Stepwise Oxygen-Enriched Sintering of Vanadium-Titanium Magnetite: Linking Oxygen Potential Distribution, Mineral Phases Evolution, and Metallurgical Properties

Abstract

Vanadium–titanium magnetite (VTM) typically exhibits poor bed consolidation and unfavorable mineral-phase development during sintering. Oxygen-enriched sintering improves thermal conditions, accelerates oxidation kinetics, and optimizes the mineral-phase assemblage. This study evaluated the effects of oxygen enrichment applied during the heating stage, the cooling stage, and across the full process on VTM-sinter performance. Infrared thermography, X-ray diffraction (XRD), reflected-light mineral microscopy, and field-emission scanning electron microscopy with energy-dispersive X-ray spectroscopy (FE-SEM/EDS) were used to relate oxygen-potential distributions to mineralogy and metallurgical properties.

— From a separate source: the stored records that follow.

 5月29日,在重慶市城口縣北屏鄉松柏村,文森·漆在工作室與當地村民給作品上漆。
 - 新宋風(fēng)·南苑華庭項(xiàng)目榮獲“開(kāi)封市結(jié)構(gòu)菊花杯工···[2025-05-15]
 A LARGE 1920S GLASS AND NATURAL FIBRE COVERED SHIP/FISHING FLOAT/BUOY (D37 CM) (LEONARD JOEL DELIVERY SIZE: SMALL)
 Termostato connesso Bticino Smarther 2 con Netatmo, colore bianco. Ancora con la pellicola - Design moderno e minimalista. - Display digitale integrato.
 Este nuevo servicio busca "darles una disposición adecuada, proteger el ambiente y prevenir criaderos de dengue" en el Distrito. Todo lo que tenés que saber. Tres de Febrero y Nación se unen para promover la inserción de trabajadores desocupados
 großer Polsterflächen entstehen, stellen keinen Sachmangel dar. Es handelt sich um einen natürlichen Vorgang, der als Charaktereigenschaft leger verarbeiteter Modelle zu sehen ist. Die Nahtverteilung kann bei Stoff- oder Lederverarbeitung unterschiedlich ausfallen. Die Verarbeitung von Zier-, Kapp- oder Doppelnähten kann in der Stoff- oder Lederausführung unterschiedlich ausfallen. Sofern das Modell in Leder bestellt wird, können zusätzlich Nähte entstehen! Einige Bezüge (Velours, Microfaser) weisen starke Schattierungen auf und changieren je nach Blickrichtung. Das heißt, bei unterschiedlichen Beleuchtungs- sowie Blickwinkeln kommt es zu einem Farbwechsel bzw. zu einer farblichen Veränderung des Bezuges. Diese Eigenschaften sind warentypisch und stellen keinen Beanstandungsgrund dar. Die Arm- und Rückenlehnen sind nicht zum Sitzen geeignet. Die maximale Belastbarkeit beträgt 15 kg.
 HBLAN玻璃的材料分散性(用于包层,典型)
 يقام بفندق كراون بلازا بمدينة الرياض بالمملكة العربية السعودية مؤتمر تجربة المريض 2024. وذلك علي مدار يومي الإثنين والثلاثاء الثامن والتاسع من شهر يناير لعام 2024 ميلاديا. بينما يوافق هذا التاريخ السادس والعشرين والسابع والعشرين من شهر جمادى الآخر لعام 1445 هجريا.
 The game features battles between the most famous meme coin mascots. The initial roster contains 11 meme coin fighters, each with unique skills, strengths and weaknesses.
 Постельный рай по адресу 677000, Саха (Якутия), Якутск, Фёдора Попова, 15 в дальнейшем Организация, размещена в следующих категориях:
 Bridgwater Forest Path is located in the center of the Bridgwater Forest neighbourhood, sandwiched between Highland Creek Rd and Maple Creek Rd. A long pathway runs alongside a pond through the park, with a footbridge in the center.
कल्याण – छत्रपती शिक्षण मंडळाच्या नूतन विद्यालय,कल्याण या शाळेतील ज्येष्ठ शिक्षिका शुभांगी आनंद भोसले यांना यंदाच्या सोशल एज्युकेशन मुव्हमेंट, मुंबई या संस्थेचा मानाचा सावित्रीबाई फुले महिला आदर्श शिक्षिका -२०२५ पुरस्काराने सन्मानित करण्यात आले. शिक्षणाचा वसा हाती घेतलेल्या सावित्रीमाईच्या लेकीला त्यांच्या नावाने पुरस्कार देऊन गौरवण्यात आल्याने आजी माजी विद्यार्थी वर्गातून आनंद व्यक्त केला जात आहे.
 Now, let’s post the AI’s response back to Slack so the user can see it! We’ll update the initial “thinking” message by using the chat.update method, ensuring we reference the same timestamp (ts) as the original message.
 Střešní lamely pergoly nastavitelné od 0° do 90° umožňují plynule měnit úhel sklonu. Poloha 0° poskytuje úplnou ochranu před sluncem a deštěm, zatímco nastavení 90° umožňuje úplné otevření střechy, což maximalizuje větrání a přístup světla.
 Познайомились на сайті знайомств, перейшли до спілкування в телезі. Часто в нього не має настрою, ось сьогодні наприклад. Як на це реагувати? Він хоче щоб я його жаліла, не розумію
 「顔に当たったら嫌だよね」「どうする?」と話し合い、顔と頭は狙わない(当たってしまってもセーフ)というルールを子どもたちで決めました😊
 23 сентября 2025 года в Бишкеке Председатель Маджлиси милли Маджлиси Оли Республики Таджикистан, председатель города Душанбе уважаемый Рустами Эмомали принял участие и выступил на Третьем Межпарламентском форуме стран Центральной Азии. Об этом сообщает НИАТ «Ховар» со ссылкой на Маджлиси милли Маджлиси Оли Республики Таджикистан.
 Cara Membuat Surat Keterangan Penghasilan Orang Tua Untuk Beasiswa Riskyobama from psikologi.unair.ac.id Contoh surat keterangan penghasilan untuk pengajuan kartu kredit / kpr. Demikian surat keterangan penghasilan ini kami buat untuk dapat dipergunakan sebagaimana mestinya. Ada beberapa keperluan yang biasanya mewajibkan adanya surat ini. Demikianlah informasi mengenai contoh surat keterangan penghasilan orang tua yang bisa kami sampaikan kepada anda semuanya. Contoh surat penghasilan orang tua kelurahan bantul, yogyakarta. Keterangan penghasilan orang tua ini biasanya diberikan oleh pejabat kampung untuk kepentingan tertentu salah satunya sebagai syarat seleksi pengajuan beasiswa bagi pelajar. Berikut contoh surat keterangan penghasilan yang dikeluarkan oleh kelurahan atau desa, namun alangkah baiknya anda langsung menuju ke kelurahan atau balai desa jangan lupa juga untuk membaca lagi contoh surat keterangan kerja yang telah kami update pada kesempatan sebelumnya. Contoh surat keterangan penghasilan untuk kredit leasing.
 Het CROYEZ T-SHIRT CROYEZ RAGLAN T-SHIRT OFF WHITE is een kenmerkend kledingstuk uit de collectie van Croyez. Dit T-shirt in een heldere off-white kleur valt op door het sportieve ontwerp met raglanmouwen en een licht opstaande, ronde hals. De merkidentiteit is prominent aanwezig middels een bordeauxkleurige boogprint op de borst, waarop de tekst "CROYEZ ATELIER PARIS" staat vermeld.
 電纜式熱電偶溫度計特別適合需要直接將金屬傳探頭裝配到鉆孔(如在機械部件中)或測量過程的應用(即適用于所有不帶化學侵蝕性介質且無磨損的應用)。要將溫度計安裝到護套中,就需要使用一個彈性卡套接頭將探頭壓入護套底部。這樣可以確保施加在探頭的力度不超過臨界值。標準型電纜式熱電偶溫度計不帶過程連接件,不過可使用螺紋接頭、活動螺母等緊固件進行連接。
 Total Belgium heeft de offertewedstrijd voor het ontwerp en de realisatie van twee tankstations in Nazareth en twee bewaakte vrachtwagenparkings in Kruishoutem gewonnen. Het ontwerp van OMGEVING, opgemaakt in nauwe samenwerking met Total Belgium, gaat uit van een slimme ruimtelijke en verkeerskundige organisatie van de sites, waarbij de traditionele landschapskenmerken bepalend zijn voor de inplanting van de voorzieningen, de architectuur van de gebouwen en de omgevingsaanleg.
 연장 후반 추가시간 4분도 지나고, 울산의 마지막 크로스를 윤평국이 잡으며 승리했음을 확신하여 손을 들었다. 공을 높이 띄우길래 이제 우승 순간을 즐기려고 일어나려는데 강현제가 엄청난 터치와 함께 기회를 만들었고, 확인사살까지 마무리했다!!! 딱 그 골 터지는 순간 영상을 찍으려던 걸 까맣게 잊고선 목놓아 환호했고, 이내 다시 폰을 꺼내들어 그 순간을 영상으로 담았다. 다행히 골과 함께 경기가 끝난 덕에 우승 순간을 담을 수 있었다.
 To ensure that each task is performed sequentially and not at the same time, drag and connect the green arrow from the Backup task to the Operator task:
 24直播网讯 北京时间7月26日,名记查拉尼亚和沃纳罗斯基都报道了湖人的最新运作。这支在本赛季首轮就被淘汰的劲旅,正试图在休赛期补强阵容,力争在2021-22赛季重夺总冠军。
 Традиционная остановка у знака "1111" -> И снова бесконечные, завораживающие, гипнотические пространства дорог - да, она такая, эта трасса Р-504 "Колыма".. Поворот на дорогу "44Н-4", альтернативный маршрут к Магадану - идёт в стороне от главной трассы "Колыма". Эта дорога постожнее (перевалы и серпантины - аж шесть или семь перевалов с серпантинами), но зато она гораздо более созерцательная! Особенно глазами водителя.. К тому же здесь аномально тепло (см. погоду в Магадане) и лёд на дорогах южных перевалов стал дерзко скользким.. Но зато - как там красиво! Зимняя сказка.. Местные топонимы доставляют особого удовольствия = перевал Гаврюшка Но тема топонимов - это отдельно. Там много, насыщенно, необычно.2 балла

Oxygen enrichment during heating narrowed the combustion zone, concentrated the heat flux, and accelerated liquid-phase formation, yielding a sintering productivity (utilization coefficient) of 2.37 t/(m²·h). It also promoted the formation of dense, acicular silico-ferrite of calcium and aluminum (SFCA), strengthening the bonding phase and thereby improving sinter strength and the low-temperature reduction-degradation index (RDI). By contrast, oxygen enrichment during cooling or throughout the process increased perovskite (CaTiO₃), produced skeletal hematite (Fe₂O₃), and induced microcracking and porosity, thereby weakening the bonding phase and worsening RDI. Overall, oxygen enrichment confined to the heating stage was the most effective strategy for simultaneously improving VTM-sinter quality and process efficiency.